* **REQUIRED ACTION**
The answer must be every entry below, word for word, with the pictures left out.

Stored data
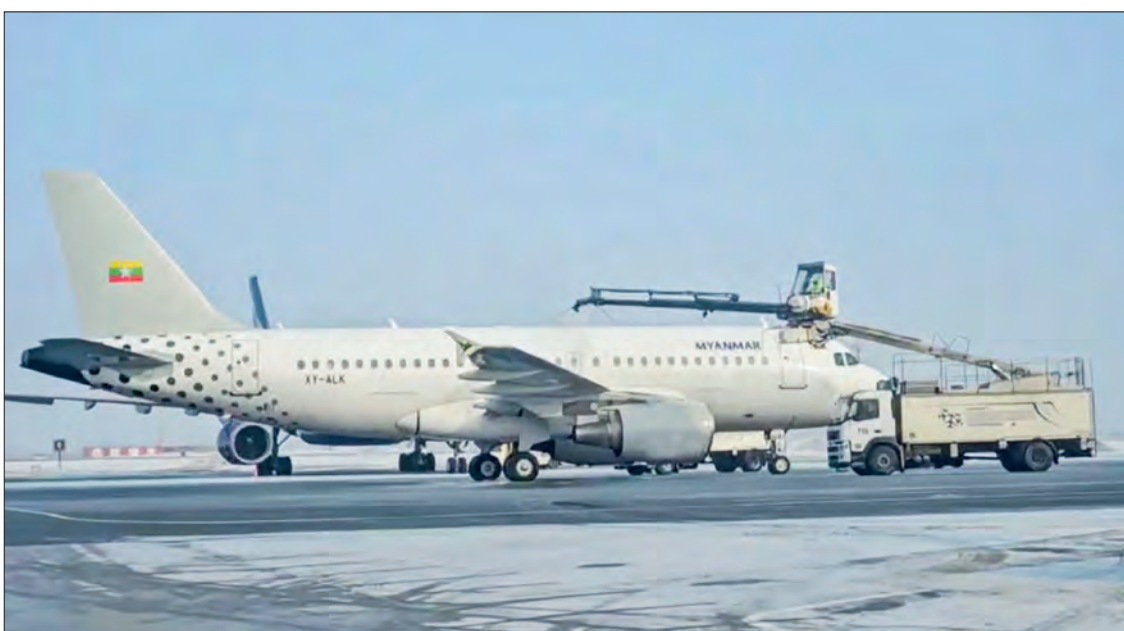
A special plane carrying a high-level Myanmar delegation led by SAC Chairman Prime Minister Senior General Min Aung Hlaing was being cleaned before leaving the airport due to the covering of snow.

On arrival back at the airport, Leader of the Information Team of the State Administration Council Maj-Gen Zaw Min Tun who accompanied the Senior General replied to questions raised by media.
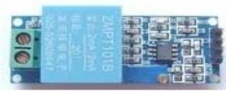
Figure-1. ZMPT101B voltage sensor module.

ZMPT101B voltage sensor module is a voltage sensor made from the ZMPT101B voltage transformer. It has high accuracy, good consistency for voltage and power measurement and it can measure up to 250V AC. It is simple to use and comes with a multi turn trim potentiometer for adjusting the ADC output. The analysis in this paper tends to find more accurate relationship between the input voltage and the ADC output by regression analysis. The ADC output is adjusted using the trimpot to an appropriate value against a reference input. Figure-1 is the ZMPT101B voltage sensor module.
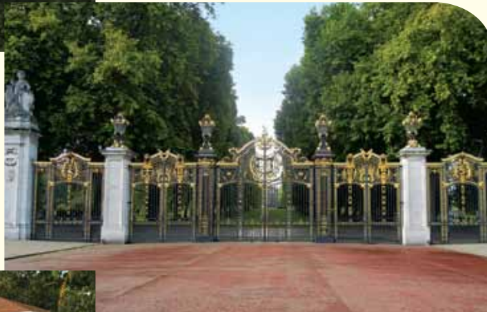
24x7 Complete Security
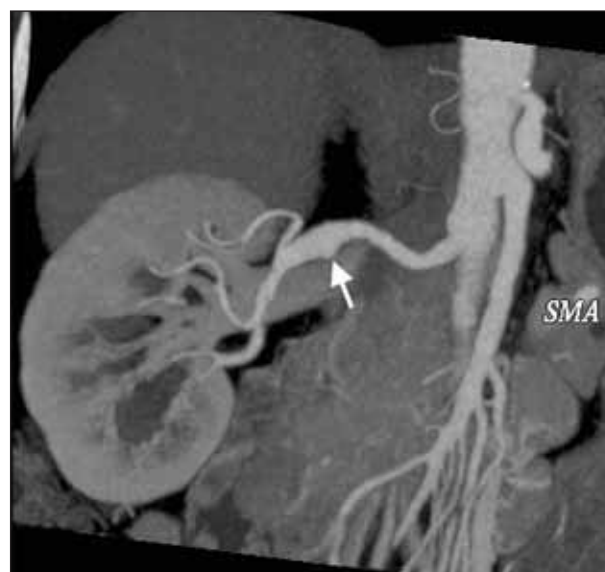
Figure 2. Oblique subvolume maximum-intensity projection of computed tomographic angiography data showing a fusiform aneurysm (arrow) of the right renal artery in a 55-year-old woman.

Because the renal arteries are end arteries, it is unlikely that the intraparenchymal aneurysms would reperfuse with embolization of the feeding arteries. This often results in infarction of distal renal parenchyma supplied by the feeding artery. Embolization of intraparenchymal
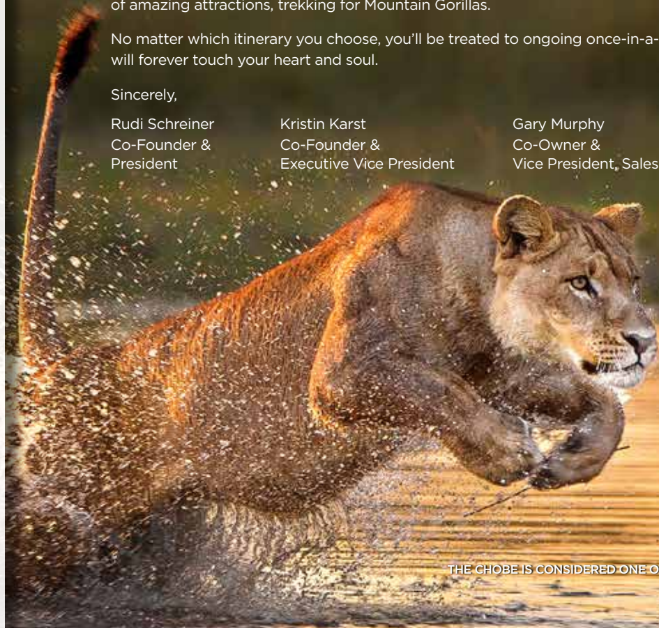
THE CHOBE IS CONSIDERED ONE OF AFRICA'S GREATEST WILDLIFE REGIONS
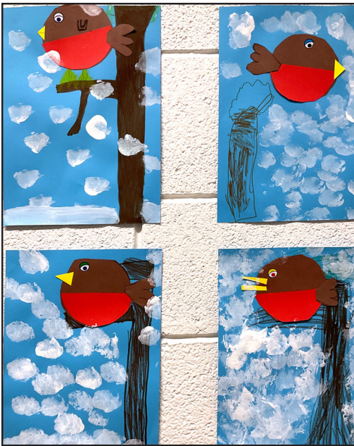
Room 16 - Snowmen
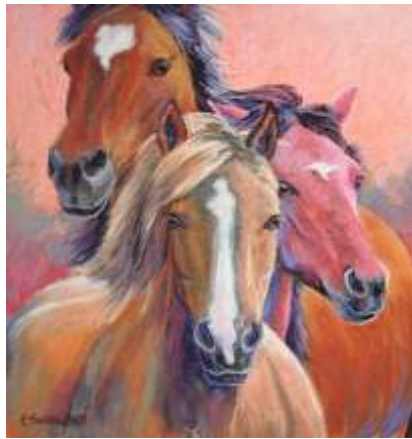
Untamed Spirits 21"x20"
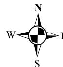
EXHIBIT "A" VICINITY MAP Sale No. SW-341-2019-GF7819-01 Park Timber Sale Section 21 & 22, T16S, R4E, W.M. Lane County, Oregon Regulated Use Area EL-1 Willamette National Forest Net Acres - 62.5
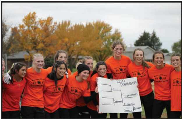
The Sophomore girls were crowned champions of the 2021 PowderPuff Football tournament.
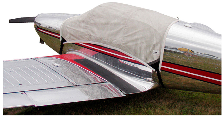
Swift Canopy Cover
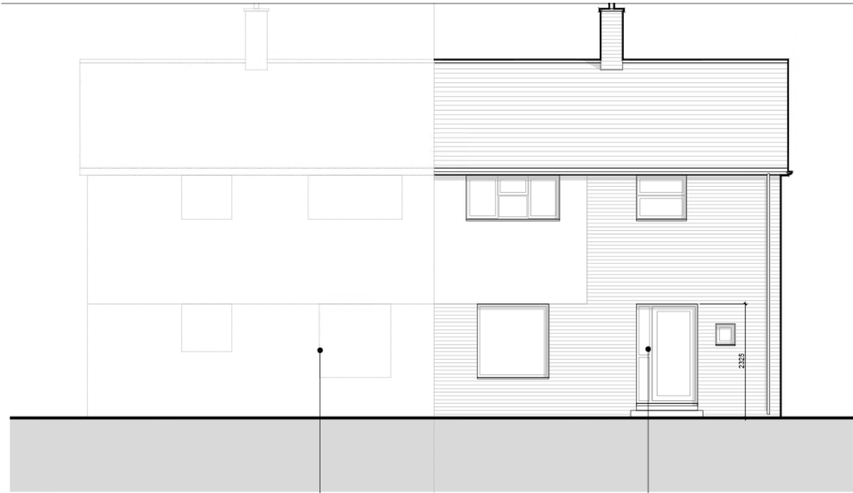
(NW) EXISTING NORTH-WEST ELEVATION
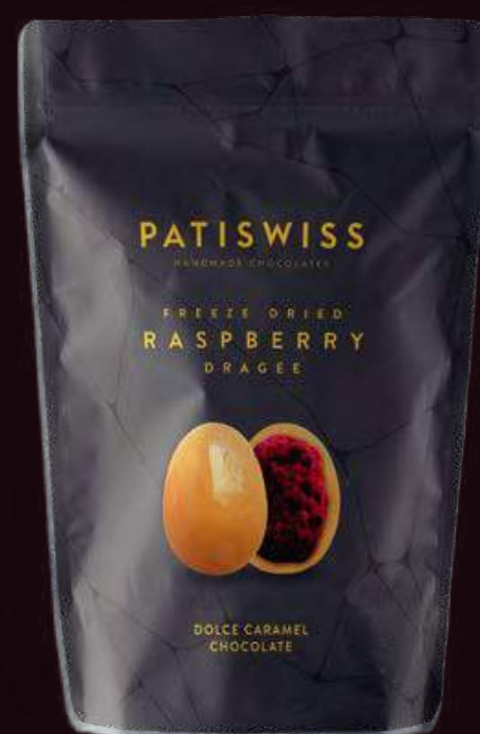
Dolce Caramel Chocolate Coated Freeze Dried Raspberry Dragee 80g
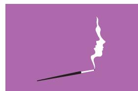
Private Lives 24th–28th October (p7)
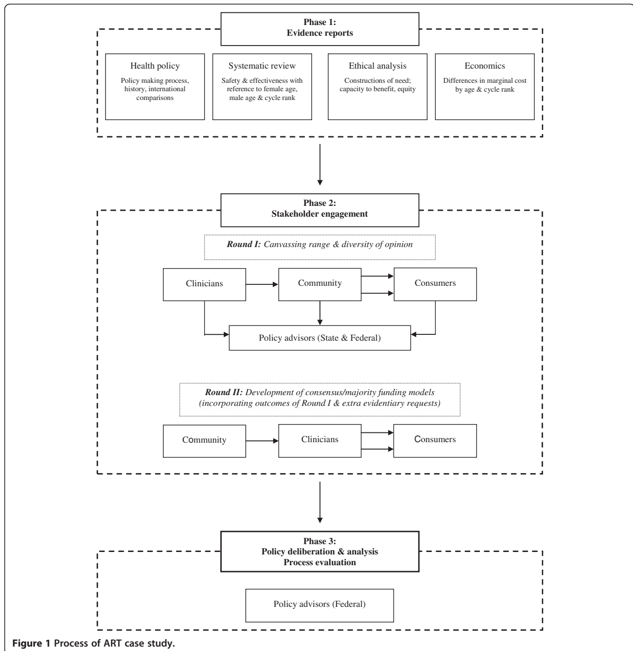
Figure 1 Process of ART case study.

In order to avoid capture by vested interests, to maintain a power balance, and to cater for differing levels of expertise, stakeholders were consulted in separate engagements. Potentially partisan stakeholders were not mixed with lay citizens, but the ideas generated by each group were communicated to the subsequent groups to share knowledge and allow cumulative solutions to be constructed.
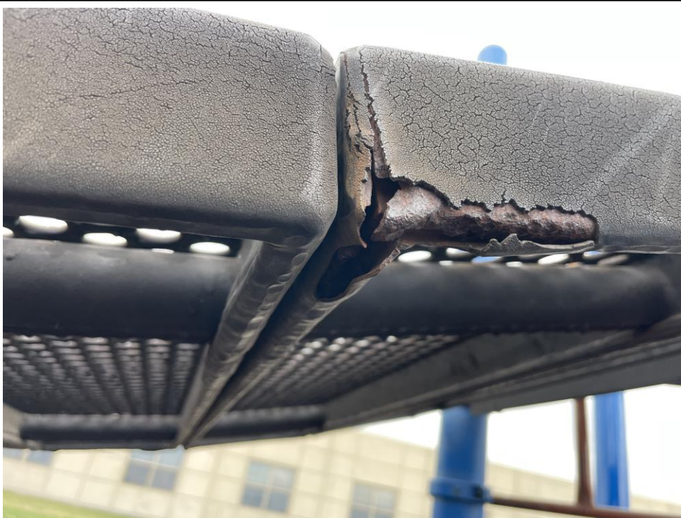
Close-up image of deterioration and sharp rusty edges.
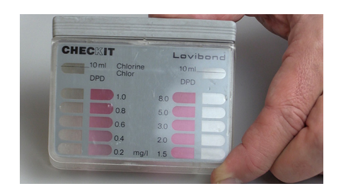
Figure 1. A comparator

As chlorine concentrations in water reduce over time, it is important to check concentrations of chlorine in drinking water periodically. The quickest and simplest method for testing chlorine concentrations is an indicator test, using a comparator (Figure 1). For this method, a tablet of chemical reagent is added to a sample of water,

* **ANSWER TO THE EXERCISE**
A special plane carrying a high-level Myanmar delegation led by SAC Chairman Prime Minister Senior General Min Aung Hlaing was being cleaned before leaving the airport due to the covering of snow.

On arrival back at the airport, Leader of the Information Team of the State Administration Council Maj-Gen Zaw Min Tun who accompanied the Senior General replied to questions raised by media.
Figure-1. ZMPT101B voltage sensor module.

ZMPT101B voltage sensor module is a voltage sensor made from the ZMPT101B voltage transformer. It has high accuracy, good consistency for voltage and power measurement and it can measure up to 250V AC. It is simple to use and comes with a multi turn trim potentiometer for adjusting the ADC output. The analysis in this paper tends to find more accurate relationship between the input voltage and the ADC output by regression analysis. The ADC output is adjusted using the trimpot to an appropriate value against a reference input. Figure-1 is the ZMPT101B voltage sensor module.
24x7 Complete Security
Figure 2. Oblique subvolume maximum-intensity projection of computed tomographic angiography data showing a fusiform aneurysm (arrow) of the right renal artery in a 55-year-old woman.

Because the renal arteries are end arteries, it is unlikely that the intraparenchymal aneurysms would reperfuse with embolization of the feeding arteries. This often results in infarction of distal renal parenchyma supplied by the feeding artery. Embolization of intraparenchymal
THE CHOBE IS CONSIDERED ONE OF AFRICA'S GREATEST WILDLIFE REGIONS
Room 16 - Snowmen
Untamed Spirits 21"x20"
EXHIBIT "A" VICINITY MAP Sale No. SW-341-2019-GF7819-01 Park Timber Sale Section 21 & 22, T16S, R4E, W.M. Lane County, Oregon Regulated Use Area EL-1 Willamette National Forest Net Acres - 62.5
The Sophomore girls were crowned champions of the 2021 PowderPuff Football tournament.
Swift Canopy Cover
(NW) EXISTING NORTH-WEST ELEVATION
Dolce Caramel Chocolate Coated Freeze Dried Raspberry Dragee 80g
Private Lives 24th–28th October (p7)
Figure 1 Process of ART case study.

In order to avoid capture by vested interests, to maintain a power balance, and to cater for differing levels of expertise, stakeholders were consulted in separate engagements. Potentially partisan stakeholders were not mixed with lay citizens, but the ideas generated by each group were communicated to the subsequent groups to share knowledge and allow cumulative solutions to be constructed.
Close-up image of deterioration and sharp rusty edges.
Figure 1. A comparator

As chlorine concentrations in water reduce over time, it is important to check concentrations of chlorine in drinking water periodically. The quickest and simplest method for testing chlorine concentrations is an indicator test, using a comparator (Figure 1). For this method, a tablet of chemical reagent is added to a sample of water,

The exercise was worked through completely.